For clinicians and health systems:
– Reinforce training and quality assurance for bedside delirium screening, emphasizing both tool fidelity and documentation completeness.
– Where feasible, encourage storage of item-level ICDSC elements in the EHR to enable downstream analytic refinement.
– Use improved EHR-based phenotyping cautiously in real-time clinical decision support until prospective impact is established.
Conclusion
Toth and colleagues provide an important, pragmatic contribution to delirium measurement in the ICU. Their findings show that a model-based approach integrating nurse-documented ICDSC item data with simple clinical variables markedly improves agreement with researcher-administered CAM-ICU assessments. This strategy can enhance the utility of routine clinical documentation for research, quality improvement, and potentially for population-level surveillance, provided models are externally validated and their implementation is accompanied by continued attention to bedside screening quality.
Funding and clinicaltrials.gov
Funding and trial registration: Funding sources were not detailed in the provided summary.
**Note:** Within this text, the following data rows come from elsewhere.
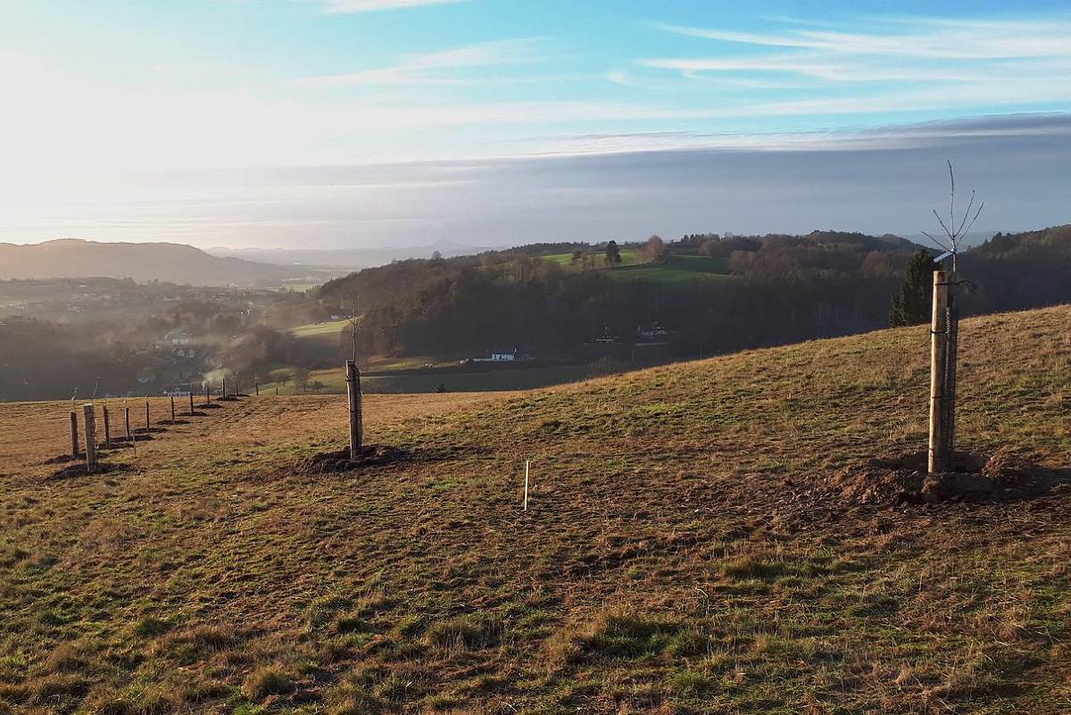 Třetím projektem, na který bych rád upozornil, je výsadba hrušňové aleje v Kacanovech – 30 stromů starých odrůd bylo na konci loňského roku vysazeno na louce ve svahu vedoucím z Kacanov směrem ke Kopicovu statku.
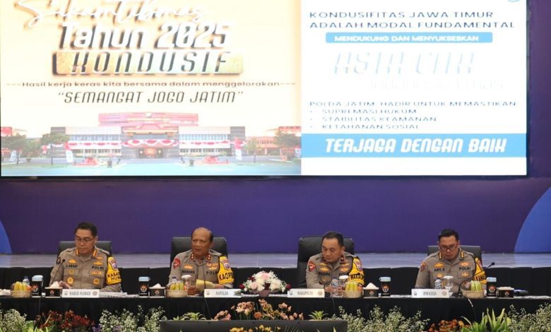 “Situasi Kamtibmas sepanjang tahun 2025 di Jawa Timur relatif kondusif,” ungkap Irjen Pol Nanang.
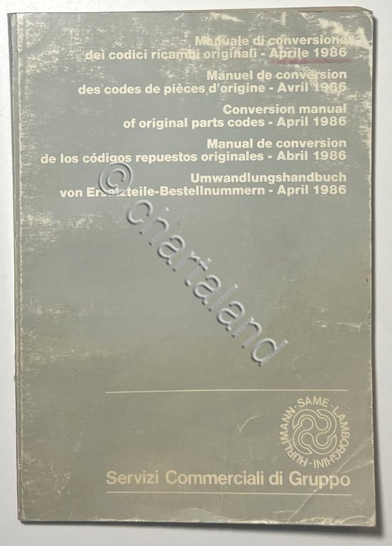 Manuale di Conversione dei Codici Ricambi Originali Hurlimann SAME Lamborghini - ed. 1986 Testo introduttivo in multilingua; testo tecnico in lingua italiana. Pagine 210 Copertina semirigida. Condizioni generali buone.

For complete disclosures, grant numbers, and trial registration (if applicable), consult the full article: Toth KM et al., Crit Care Med. 2025;53(12):e2516–e2525.
Selected references
– Toth KM, Aghababa Z, Kennedy JN, et al. Optimizing Agreement Between Bedside Nurse-Documented and Trained Researcher Delirium Assessments in the ICU. Crit Care Med. 2025;53(12):e2516–e2525.
– Devlin JW, Skrobik Y, Gélinas C, et al. Clinical Practice Guidelines for the Prevention and Management of Pain, Agitation/Sedation, Delirium, Immobility, and Sleep Disruption in Adult Patients in the ICU. Crit Care Med. 2018;46(9):e825–e873.
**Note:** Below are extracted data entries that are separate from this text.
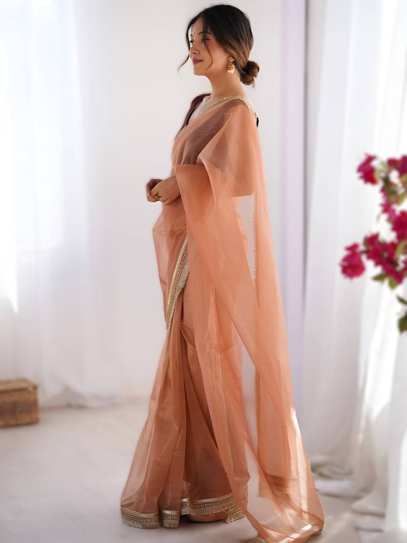Orange exclusive designer dual shade gold net sequins saree with lace border
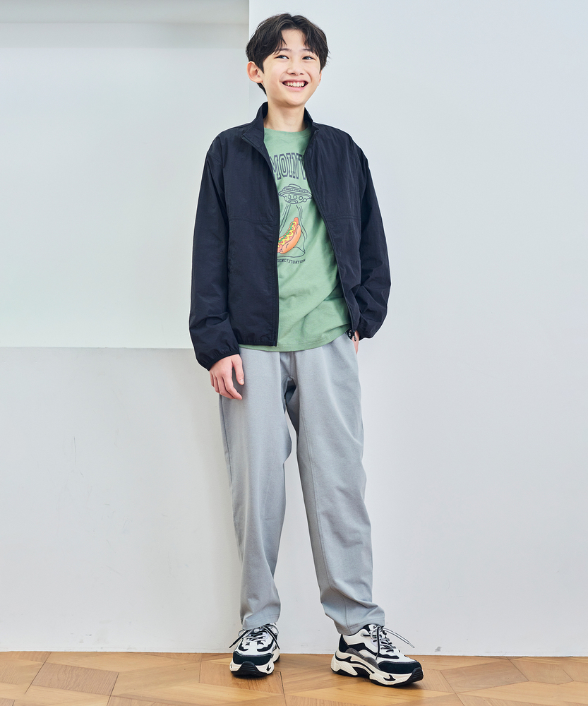 毎日着たくなる軽さ。シワ感がお洒落な、大人顔負けブルゾン。通学も遊びも。アクティブな毎日の相棒。■Point・表情豊かな「ワッシャー加工」あえてシワ感を出したお洒落な風合い。洗濯後のシワも気にならない。アイロンいらずで、ママも大助かり。・大人っぽい「スタンドネック」首元をすっきり見せる立ち襟デザイン。ジップを閉めれば風除けにも。フードがないので、ランドセルも背負いやすい。・丈夫で安心な「ナイロン素材」摩擦に強く、元気な遊びにも対応。汚れが付きにくく、落ちやすい。サラッとした肌触りで季節の変わり目に最適。・持ち運びに便利な「コンパクトさ」薄手で小さく畳んでも嵩張らない。バッグやランドセルに常備できる。朝晩の寒暖差対策にもおすすめ。・どんな服にも合う「万能デザイン」Tシャツの上にサッと羽織るだけで決まる。デニムやスカートとも相性抜群。通学から休日のお出かけまでフル稼働。【仕様】シンプルながらも、胸元の切り替えや袖口のシャーリングがアクセントになったスタンドジップブルゾンです。フードがないすっきりとしたデザインなので、通園・通学時の安全性も高く、ランドセルやリュックの邪魔になりません。適度なゆとりを持たせたシルエットで、スウェットの上からでも窮屈感なく着用でき、動きやすさを追求しています。【素材】ナイロン100%の軽量素材を使用しています。表面に細かいシワ感を出す「ワッシャー加工」を施すことで、のっぺりせず奥行きのある表情に仕上げました。耐久性が高く、汚れてもケアしやすいので、公園遊びなどのアクティブなシーンでも気兼ねなくガシガシ使っていただけます。【スタイリング】ロゴTシャツやボーダーカットソーの上に羽織れば、爽やかなカジュアルスタイルの完成。男の子はスウェットパンツでスポーティーに、女の子はワンピースやスカートと合わせた甘辛ミックススタイルも可愛らしく決まります。季節の変わり目の体温調節用として、一枚持っておくと非常に便利なアイテムです。【MPS】累計販売本数2000万本突破したMPSボトムをメインにデイリー使いしやすいディテールやデザイン、生地まで拘った大人顔負けなカジュアルスタイルにぴったりなアイテムを展開。
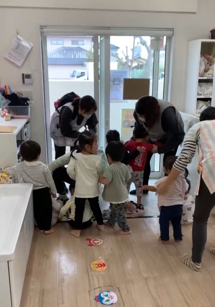 靴を履くのに時間がかかってしまった子はいましたが、泣いてしまう子は無く、保育者に誘導されて、無事避難する事が出来ました。

– Bergeron N, Dubois MJ, Dumont M, Dial S, Skrobik Y. The Intensive Care Delirium Screening Checklist: evaluation of a new screening tool. Intensive Care Med. 2001;27(5):859–864.
– Ely EW, Margolin R, Francis J, et al. Evaluation of delirium in critically ill patients: validation of the Confusion Assessment Method for the Intensive Care Unit (CAM-ICU). Crit Care Med. 2001;29(7):1370–1379.
– Pandharipande PP, Girard TD, Jackson JC, et al. Long-term cognitive impairment after critical illness. N Engl J Med. 2013;369(14):1306–1316.